WHAT YOU NEED TO DO: Using the data that follows, return exactly the lines from the one that contains "Buy a Would" through the one that contains "Rotatable design: The", ends included.

Records contained in a dataset:
────────────────────────────────────────
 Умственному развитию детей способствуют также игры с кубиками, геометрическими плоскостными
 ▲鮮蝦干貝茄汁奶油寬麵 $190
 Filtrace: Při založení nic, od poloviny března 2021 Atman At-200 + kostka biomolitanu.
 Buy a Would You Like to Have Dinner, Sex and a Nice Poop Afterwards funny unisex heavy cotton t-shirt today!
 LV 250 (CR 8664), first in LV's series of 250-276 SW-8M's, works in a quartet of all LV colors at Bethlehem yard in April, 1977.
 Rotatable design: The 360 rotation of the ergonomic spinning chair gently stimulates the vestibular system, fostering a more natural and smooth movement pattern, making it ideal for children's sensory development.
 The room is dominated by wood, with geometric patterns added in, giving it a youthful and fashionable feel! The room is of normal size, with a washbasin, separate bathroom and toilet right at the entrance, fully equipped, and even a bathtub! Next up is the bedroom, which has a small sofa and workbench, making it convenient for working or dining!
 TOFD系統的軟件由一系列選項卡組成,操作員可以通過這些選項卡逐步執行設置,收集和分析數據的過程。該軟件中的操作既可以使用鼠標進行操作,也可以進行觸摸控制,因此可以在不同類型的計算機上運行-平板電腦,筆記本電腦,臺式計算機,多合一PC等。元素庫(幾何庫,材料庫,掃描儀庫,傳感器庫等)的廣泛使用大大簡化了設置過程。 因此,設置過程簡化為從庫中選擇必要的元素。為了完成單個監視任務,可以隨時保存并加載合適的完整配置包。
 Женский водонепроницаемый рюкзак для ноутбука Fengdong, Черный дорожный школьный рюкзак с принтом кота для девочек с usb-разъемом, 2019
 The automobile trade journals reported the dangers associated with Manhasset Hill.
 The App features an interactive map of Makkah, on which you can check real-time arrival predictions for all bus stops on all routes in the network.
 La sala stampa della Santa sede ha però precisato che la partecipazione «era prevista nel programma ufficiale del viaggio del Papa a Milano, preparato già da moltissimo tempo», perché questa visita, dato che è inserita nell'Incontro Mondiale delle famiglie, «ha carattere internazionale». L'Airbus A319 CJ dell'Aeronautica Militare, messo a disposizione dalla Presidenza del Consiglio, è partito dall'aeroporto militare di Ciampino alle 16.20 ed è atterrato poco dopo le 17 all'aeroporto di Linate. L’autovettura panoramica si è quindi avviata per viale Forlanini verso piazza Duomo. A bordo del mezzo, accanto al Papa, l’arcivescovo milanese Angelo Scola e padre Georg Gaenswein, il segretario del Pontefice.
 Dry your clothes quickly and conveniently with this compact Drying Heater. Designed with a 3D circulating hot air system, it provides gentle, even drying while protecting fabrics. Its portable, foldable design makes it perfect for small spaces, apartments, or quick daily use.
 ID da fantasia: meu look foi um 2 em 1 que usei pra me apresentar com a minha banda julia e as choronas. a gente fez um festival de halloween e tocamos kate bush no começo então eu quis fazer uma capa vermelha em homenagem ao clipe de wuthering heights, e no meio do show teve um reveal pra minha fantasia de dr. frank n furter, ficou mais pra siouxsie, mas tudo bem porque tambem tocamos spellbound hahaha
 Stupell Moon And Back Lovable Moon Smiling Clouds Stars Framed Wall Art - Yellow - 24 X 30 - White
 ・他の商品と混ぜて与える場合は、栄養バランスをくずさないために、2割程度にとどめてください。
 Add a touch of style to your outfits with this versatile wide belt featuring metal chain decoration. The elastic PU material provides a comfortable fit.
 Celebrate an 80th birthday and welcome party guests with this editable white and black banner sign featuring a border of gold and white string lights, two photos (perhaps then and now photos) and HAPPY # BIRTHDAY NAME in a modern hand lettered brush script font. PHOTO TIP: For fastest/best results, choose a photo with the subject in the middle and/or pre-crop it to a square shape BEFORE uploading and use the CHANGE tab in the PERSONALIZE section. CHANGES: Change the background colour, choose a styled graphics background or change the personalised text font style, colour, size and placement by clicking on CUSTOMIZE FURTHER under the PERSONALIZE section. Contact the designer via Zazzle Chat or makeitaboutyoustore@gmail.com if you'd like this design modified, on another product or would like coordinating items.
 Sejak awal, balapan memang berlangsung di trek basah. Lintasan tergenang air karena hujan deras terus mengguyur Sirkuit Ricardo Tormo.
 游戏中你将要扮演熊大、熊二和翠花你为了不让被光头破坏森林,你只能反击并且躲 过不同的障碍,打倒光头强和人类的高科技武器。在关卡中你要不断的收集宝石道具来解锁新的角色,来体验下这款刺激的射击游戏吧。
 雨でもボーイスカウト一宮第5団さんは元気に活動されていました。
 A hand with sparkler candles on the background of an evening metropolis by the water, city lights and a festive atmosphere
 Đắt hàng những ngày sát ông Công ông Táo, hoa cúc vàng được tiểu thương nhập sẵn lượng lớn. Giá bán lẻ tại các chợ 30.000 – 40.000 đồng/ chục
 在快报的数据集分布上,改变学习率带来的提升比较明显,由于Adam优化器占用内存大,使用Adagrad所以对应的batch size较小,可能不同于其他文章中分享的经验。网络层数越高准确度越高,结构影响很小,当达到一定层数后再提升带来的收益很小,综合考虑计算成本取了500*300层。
────────────────────────────────────────
RESULT FOR THIS TASK:
 Buy a Would You Like to Have Dinner, Sex and a Nice Poop Afterwards funny unisex heavy cotton t-shirt today!
 LV 250 (CR 8664), first in LV's series of 250-276 SW-8M's, works in a quartet of all LV colors at Bethlehem yard in April, 1977.
 Rotatable design: The 360 rotation of the ergonomic spinning chair gently stimulates the vestibular system, fostering a more natural and smooth movement pattern, making it ideal for children's sensory development.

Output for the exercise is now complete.